__EXERCISE MATERIAL__.
==============================
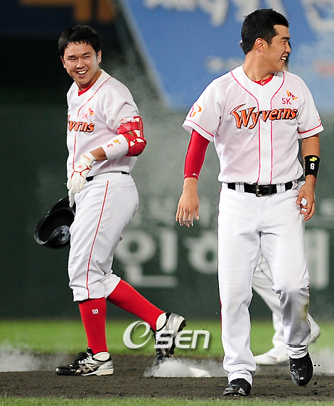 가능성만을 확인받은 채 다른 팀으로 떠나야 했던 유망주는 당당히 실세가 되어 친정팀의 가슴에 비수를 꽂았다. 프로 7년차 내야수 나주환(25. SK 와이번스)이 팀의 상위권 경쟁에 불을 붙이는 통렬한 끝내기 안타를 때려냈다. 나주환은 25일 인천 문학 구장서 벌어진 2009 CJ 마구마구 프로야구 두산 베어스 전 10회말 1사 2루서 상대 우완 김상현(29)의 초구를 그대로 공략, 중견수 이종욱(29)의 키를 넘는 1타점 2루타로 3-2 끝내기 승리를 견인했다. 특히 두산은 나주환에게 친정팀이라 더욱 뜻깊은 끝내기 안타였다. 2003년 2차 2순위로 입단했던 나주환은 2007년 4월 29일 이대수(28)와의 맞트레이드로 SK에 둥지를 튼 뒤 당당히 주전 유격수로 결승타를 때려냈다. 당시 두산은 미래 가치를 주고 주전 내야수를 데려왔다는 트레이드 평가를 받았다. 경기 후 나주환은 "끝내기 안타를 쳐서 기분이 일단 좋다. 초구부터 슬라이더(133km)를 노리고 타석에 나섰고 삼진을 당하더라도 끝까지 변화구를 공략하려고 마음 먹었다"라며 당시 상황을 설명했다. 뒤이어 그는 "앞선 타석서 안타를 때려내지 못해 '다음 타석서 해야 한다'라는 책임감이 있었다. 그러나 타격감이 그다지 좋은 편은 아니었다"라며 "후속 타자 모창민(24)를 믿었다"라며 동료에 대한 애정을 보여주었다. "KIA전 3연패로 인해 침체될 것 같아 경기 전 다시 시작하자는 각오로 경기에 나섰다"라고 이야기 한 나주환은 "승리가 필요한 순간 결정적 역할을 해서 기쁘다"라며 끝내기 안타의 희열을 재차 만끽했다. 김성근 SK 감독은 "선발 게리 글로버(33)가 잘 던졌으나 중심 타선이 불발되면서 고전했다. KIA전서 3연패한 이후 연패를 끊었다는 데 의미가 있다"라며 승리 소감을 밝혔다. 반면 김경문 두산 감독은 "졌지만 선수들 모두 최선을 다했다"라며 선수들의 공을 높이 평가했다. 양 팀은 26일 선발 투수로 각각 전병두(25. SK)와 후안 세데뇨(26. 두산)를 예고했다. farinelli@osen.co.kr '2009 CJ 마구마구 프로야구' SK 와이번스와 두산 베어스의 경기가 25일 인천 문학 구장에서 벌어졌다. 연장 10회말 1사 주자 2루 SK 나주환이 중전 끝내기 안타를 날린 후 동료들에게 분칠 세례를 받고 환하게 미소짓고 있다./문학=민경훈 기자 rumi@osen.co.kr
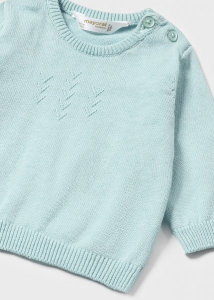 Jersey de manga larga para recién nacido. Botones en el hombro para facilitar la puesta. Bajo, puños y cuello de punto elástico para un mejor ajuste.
==============================
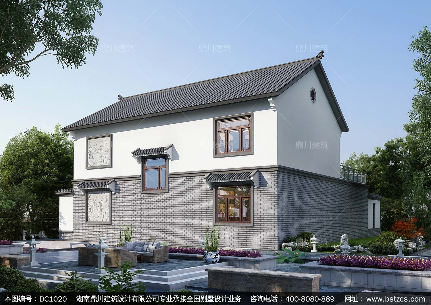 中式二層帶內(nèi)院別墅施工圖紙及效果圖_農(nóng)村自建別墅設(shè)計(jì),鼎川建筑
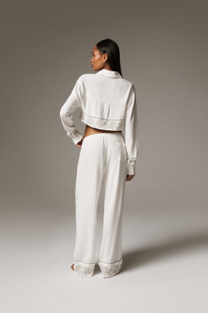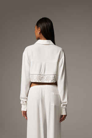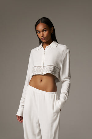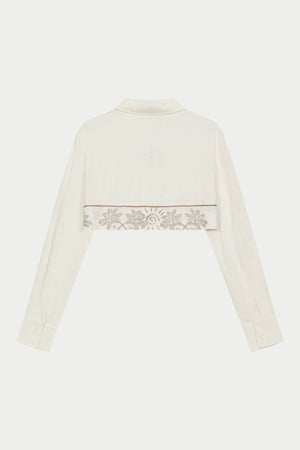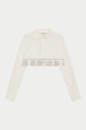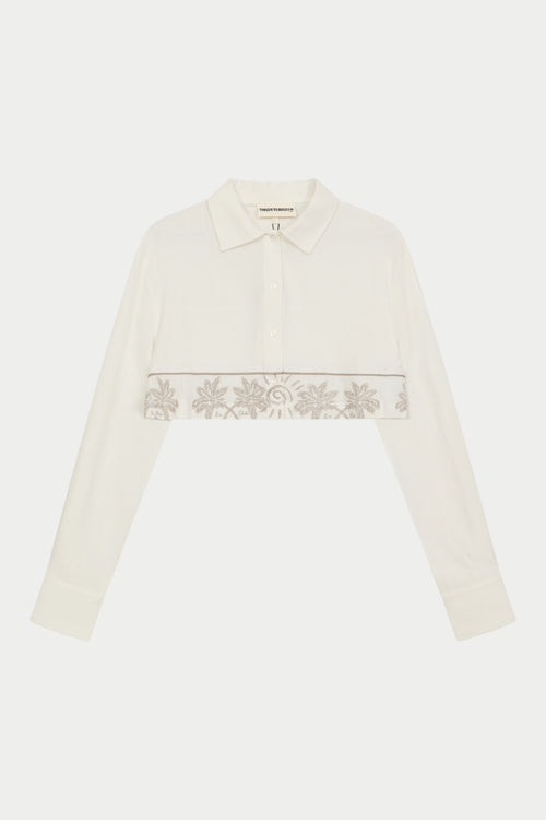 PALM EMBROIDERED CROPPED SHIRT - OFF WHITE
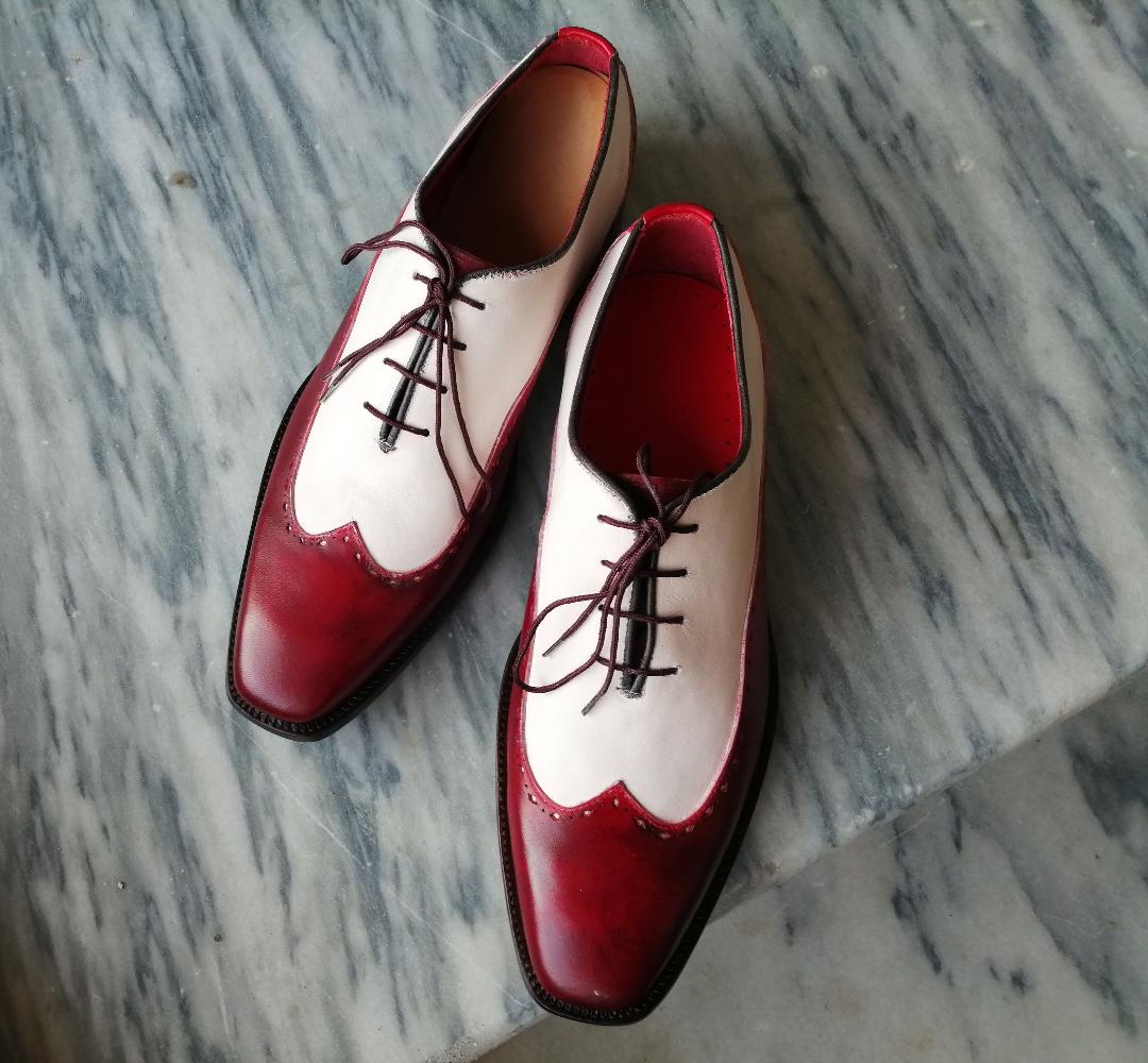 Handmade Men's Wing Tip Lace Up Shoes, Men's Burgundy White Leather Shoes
==============================
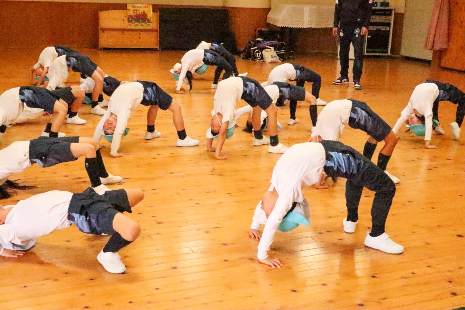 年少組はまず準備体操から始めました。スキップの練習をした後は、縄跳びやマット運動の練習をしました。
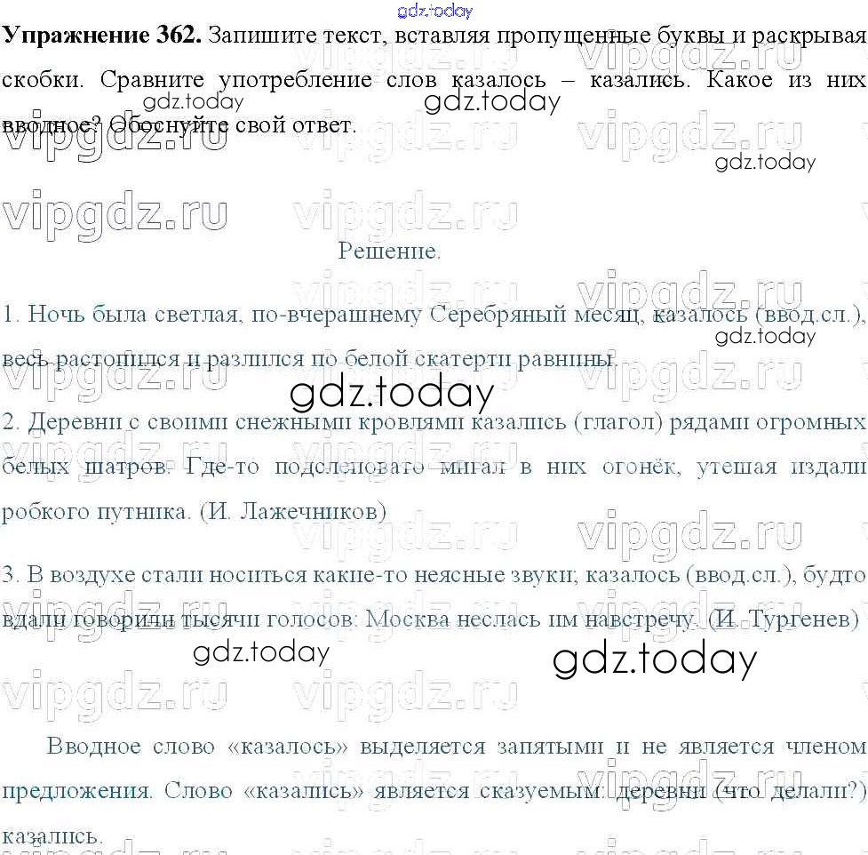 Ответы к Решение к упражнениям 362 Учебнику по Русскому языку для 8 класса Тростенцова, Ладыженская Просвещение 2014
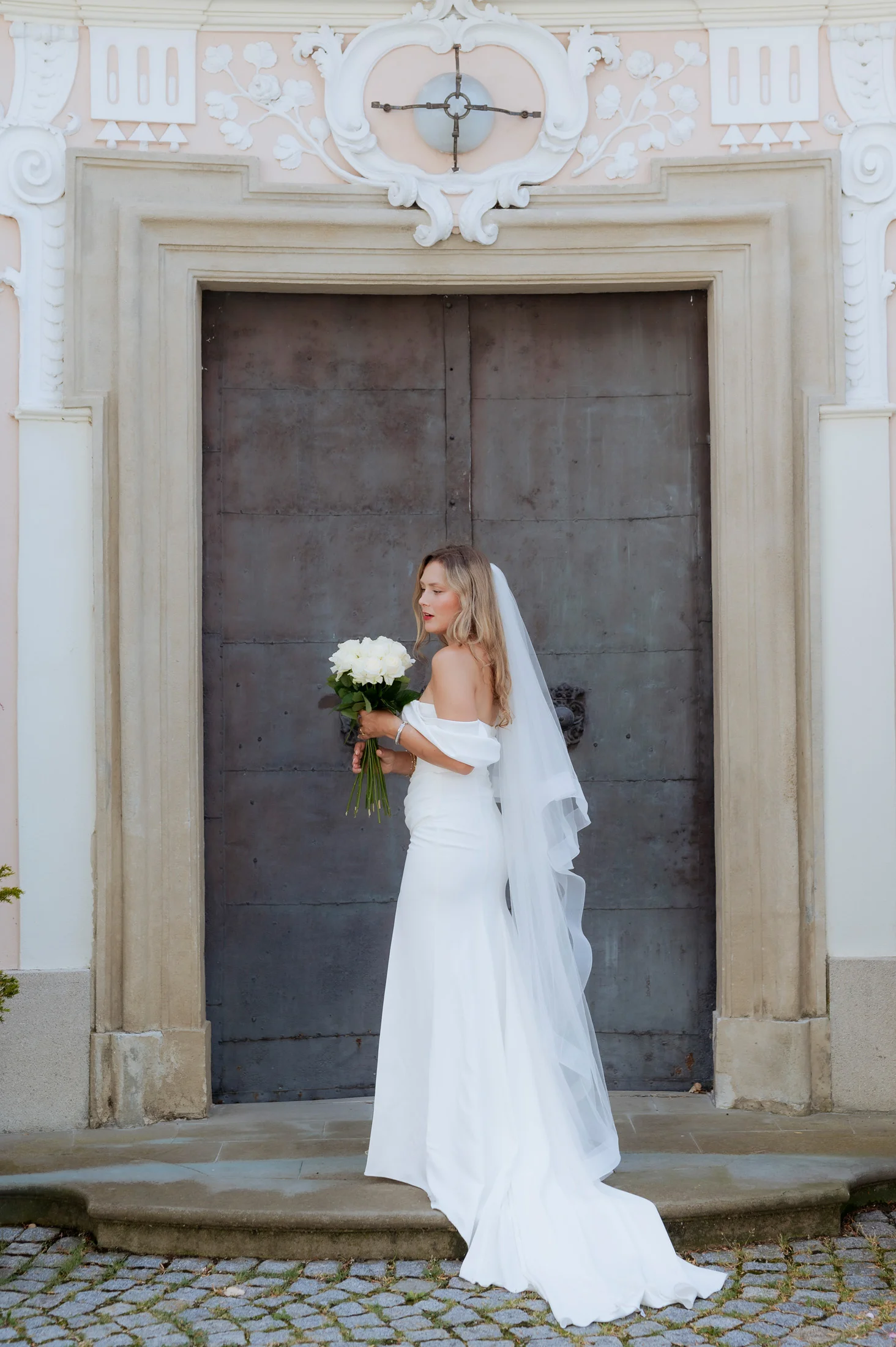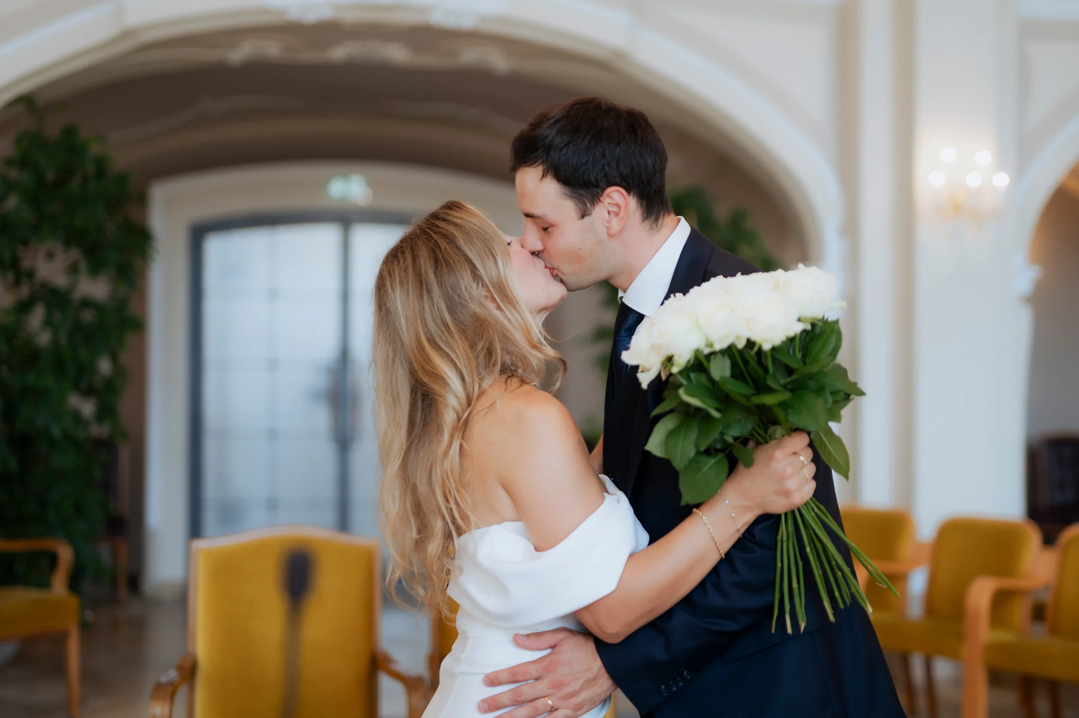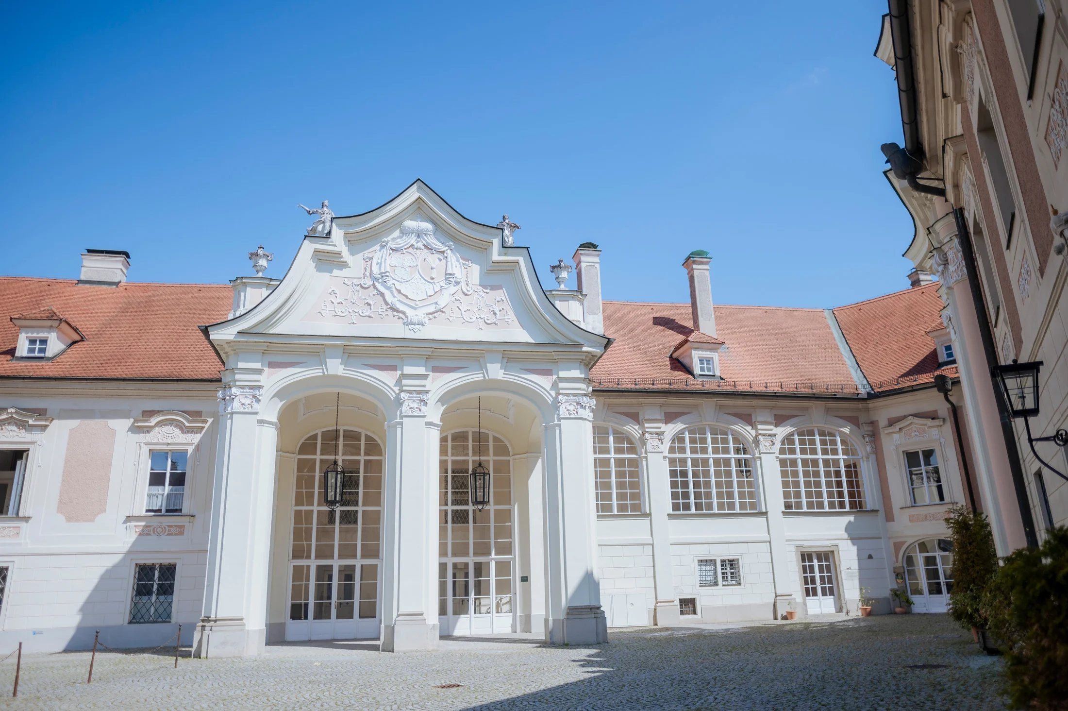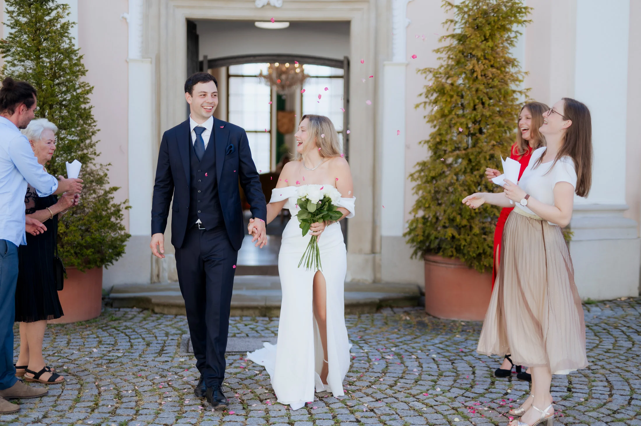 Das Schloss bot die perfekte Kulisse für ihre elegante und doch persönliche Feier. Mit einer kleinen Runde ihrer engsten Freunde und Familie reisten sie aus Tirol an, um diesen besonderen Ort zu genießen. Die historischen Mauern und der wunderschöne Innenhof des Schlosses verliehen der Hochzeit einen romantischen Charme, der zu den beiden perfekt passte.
==============================
Reproduce the records above exactly, but only from the line with "中式二層帶內(nèi)院別墅" up to and including the line with "Handmade Men's Wing". Leave the pictures out.

 中式二層帶內(nèi)院別墅施工圖紙及效果圖_農(nóng)村自建別墅設(shè)計(jì),鼎川建筑
 PALM EMBROIDERED CROPPED SHIRT - OFF WHITE
 Handmade Men's Wing Tip Lace Up Shoes, Men's Burgundy White Leather Shoes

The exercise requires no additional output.